From the February 12, 2018 issue of the Christian Science Sentinel


My dad recently handed me an old laptop he no longer uses. It was mostly in good condition, but it had a problem—messages would intermittently pop up on the screen, declaring that there were significant errors with the hard drive. After searching the internet for more information, I found a web page explaining that many computers come with a “Check Disk” program that corrects hard drive errors. So, following the instructions, I ran the program, waited for about half an hour, and voilà, the hard drive was fixed. No more errors.

I was impressed by the simplicity of this remedy. At first the problem had appeared quite serious, and I’m told it had been there for a long time. It turned out, however, that the tool required to fix the issue was actually built in to the computer itself.

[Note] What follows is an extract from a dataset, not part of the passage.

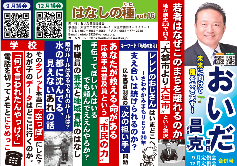 活動報告書『はなしの種(vol.16)』 2026年1月29日木曜日活動記録 活動報告書『はなしの種(vol.16)』 コチラから↓ https://oida-masakatsu.jp/activity/file/20260129102621.pdf ▼地域のみなさまに、衆議院総選挙終了後(2月中旬)から少しづつポスティングさせていただきますのでよろしくお願いいたします!

Once the program ran, the entire problem was eliminated—and with no fuss.

The Apostle Paul knew little about digital technology, living as he did a long time before modern computers were invented. Nevertheless, he definitely knew quite a lot about correcting errors. In his first letter to the Corinthians he wrote: “When this corruptible shall have put on incorruption, and this mortal shall have put on immortality, then shall be brought to pass the saying that is written, Death is swallowed up in victory” (15:54).

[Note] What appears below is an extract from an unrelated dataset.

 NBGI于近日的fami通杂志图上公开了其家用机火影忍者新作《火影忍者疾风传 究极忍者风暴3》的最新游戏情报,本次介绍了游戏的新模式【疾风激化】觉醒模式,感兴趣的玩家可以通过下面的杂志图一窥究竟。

One definition of corrupt is “made unreliable by errors.” It’s easy to see that trying to use a hard drive “corrupted” with errors would be a frustrating experience, hence the reason why I was so pleased when everything was put right. But what about other errors apparent in our daily lives, like all sorts of frustrating things we might experience—lack, sickness, sorrow, guilt? These errors may sometimes seem to linger around forever, and one might say, If only there were a “Check Disk” program, our own built-in remedy, that could sort out everything in life.

Well, maybe there is. In his letter, Paul shares with the Corinthians something of his understanding of Christ, the divine Truth Jesus lived and taught. Paul wrote that “in Christ shall all be made alive,” and said, “Thanks be to God, which giveth us the victory through our Lord Jesus Christ” (I Corinthians 15:22, 57). Could it be possible, then, that Christ is our own built-in solution, so to speak, to error correction in every department of life?

One woman who was well acquainted with long-standing problems was Mary Baker Eddy. For much of the first half of her life she struggled with illness, and then, after a severe fall, found herself on the brink of death. During this experience, however, her Christian faith in God remained intact. In Miscellaneous Writings 1883–1896, she explains: “On the third day thereafter, I called for my Bible, and opened it at Matthew ix. 2. As I read, the healing Truth dawned upon my sense; and the result was that I rose, dressed myself, and ever after was in better health than I had before enjoyed” (p. 24). In another place in Miscellaneous Writings, she recalls how after her healing she was asked, “… ‘How is it that you are restored to us? Has Christ come again on earth?’ ” Mrs. Eddy replied: “ ‘Christ never left,’ … ‘Christ is Truth, and Truth is always here,—the impersonal Saviour’ ” (p. 180).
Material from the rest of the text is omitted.